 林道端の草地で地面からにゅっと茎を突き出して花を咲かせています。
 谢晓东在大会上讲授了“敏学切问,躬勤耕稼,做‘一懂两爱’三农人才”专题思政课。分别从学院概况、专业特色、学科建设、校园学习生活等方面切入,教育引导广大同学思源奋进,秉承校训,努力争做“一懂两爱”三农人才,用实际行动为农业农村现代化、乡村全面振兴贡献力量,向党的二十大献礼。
◇ ◇ ◇
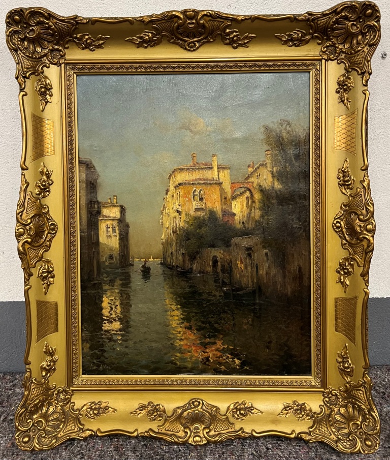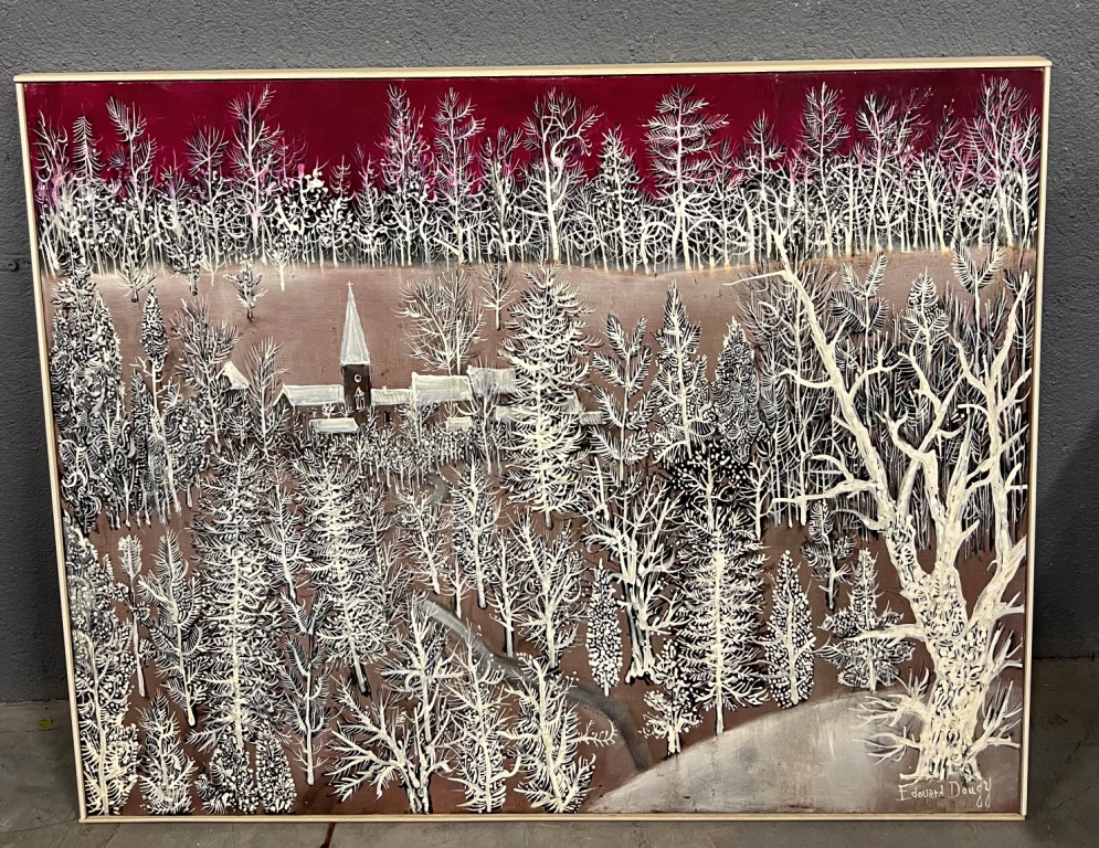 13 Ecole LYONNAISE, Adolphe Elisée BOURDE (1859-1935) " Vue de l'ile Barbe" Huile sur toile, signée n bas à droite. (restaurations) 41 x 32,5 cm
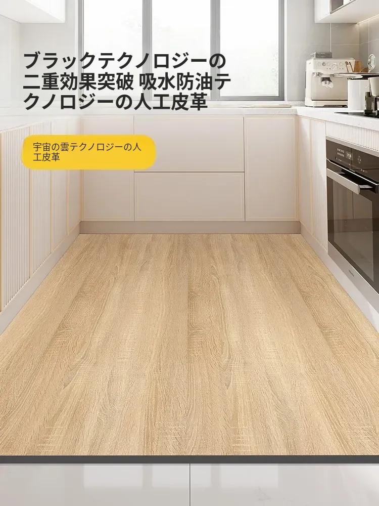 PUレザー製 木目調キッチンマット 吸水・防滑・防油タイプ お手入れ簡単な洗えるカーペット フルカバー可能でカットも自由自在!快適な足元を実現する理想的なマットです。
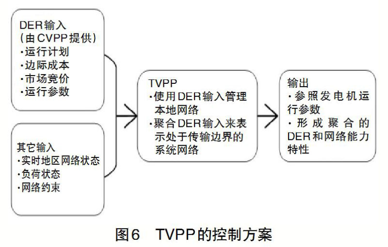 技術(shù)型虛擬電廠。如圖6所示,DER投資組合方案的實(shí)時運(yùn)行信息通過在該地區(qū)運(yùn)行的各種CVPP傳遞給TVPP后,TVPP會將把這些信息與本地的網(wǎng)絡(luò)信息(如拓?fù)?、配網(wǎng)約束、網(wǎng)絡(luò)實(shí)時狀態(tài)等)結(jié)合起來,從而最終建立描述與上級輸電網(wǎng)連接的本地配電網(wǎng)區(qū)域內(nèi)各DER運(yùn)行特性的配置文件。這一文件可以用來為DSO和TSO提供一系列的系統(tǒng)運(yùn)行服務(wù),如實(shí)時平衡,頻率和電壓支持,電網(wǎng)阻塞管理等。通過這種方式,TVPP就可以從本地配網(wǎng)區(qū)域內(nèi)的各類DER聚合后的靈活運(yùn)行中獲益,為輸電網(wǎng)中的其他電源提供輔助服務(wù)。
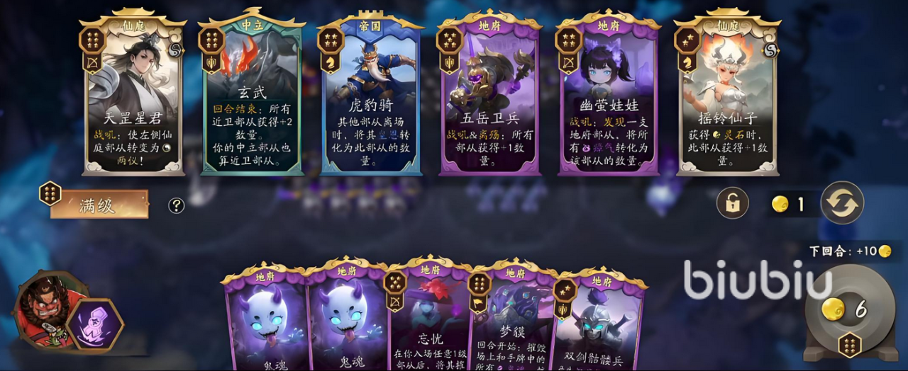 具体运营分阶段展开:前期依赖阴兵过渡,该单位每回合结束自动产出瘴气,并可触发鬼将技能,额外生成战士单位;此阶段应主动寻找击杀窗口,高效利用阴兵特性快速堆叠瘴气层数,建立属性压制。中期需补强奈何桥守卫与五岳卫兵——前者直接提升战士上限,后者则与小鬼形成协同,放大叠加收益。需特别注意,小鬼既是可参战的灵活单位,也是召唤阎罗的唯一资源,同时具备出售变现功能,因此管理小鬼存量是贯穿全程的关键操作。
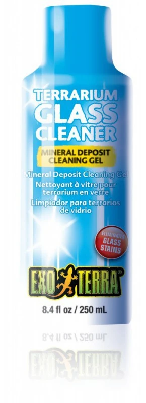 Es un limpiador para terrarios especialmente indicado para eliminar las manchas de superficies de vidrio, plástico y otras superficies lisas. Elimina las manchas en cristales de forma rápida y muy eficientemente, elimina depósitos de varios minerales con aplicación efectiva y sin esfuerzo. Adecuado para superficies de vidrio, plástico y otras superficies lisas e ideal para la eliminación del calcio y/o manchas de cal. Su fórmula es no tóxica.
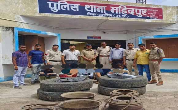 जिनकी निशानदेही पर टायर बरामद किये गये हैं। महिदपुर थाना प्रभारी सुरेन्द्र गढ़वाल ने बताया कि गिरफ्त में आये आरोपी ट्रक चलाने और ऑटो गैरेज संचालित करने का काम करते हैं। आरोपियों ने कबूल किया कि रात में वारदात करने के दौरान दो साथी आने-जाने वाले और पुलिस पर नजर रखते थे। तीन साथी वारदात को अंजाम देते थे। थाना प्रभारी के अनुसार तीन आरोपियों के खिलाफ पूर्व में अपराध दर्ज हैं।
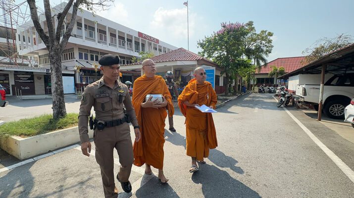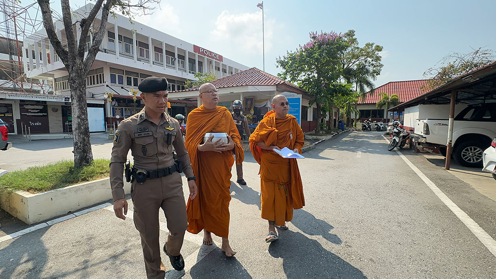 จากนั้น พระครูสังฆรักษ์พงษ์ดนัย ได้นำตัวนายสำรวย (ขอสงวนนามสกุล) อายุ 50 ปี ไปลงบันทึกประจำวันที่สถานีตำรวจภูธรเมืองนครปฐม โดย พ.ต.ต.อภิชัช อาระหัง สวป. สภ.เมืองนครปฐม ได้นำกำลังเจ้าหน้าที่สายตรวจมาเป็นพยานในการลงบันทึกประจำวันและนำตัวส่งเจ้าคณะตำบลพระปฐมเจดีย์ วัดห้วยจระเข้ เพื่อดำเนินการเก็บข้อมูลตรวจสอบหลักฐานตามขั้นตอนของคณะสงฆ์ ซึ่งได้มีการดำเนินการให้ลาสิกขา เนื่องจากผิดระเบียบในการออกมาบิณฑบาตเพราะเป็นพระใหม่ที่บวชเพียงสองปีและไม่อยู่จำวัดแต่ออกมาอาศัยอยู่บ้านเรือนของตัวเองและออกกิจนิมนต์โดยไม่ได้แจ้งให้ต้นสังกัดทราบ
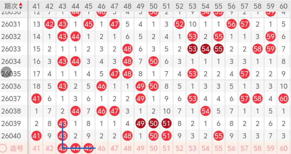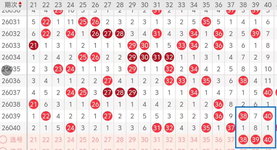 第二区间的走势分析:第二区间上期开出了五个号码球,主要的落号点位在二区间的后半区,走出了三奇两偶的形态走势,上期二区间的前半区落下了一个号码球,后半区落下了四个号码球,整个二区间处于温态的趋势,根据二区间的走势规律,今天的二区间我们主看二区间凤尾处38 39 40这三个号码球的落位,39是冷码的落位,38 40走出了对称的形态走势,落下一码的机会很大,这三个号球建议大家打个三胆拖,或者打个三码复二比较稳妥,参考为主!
◇ ◇ ◇
Activity: Give back, exactly and without pictures, the stretch of the records above from the line containing "PUレザー製 木目調キッチンマット 吸水・防滑・防油タイプ" through the line containing "具体运营分阶段展开:前期依赖", with both end lines included.

Output:
 PUレザー製 木目調キッチンマット 吸水・防滑・防油タイプ お手入れ簡単な洗えるカーペット フルカバー可能でカットも自由自在!快適な足元を実現する理想的なマットです。
 技術(shù)型虛擬電廠。如圖6所示,DER投資組合方案的實(shí)時運(yùn)行信息通過在該地區(qū)運(yùn)行的各種CVPP傳遞給TVPP后,TVPP會將把這些信息與本地的網(wǎng)絡(luò)信息(如拓?fù)?、配網(wǎng)約束、網(wǎng)絡(luò)實(shí)時狀態(tài)等)結(jié)合起來,從而最終建立描述與上級輸電網(wǎng)連接的本地配電網(wǎng)區(qū)域內(nèi)各DER運(yùn)行特性的配置文件。這一文件可以用來為DSO和TSO提供一系列的系統(tǒng)運(yùn)行服務(wù),如實(shí)時平衡,頻率和電壓支持,電網(wǎng)阻塞管理等。通過這種方式,TVPP就可以從本地配網(wǎng)區(qū)域內(nèi)的各類DER聚合后的靈活運(yùn)行中獲益,為輸電網(wǎng)中的其他電源提供輔助服務(wù)。
 具体运营分阶段展开:前期依赖阴兵过渡,该单位每回合结束自动产出瘴气,并可触发鬼将技能,额外生成战士单位;此阶段应主动寻找击杀窗口,高效利用阴兵特性快速堆叠瘴气层数,建立属性压制。中期需补强奈何桥守卫与五岳卫兵——前者直接提升战士上限,后者则与小鬼形成协同,放大叠加收益。需特别注意,小鬼既是可参战的灵活单位,也是召唤阎罗的唯一资源,同时具备出售变现功能,因此管理小鬼存量是贯穿全程的关键操作。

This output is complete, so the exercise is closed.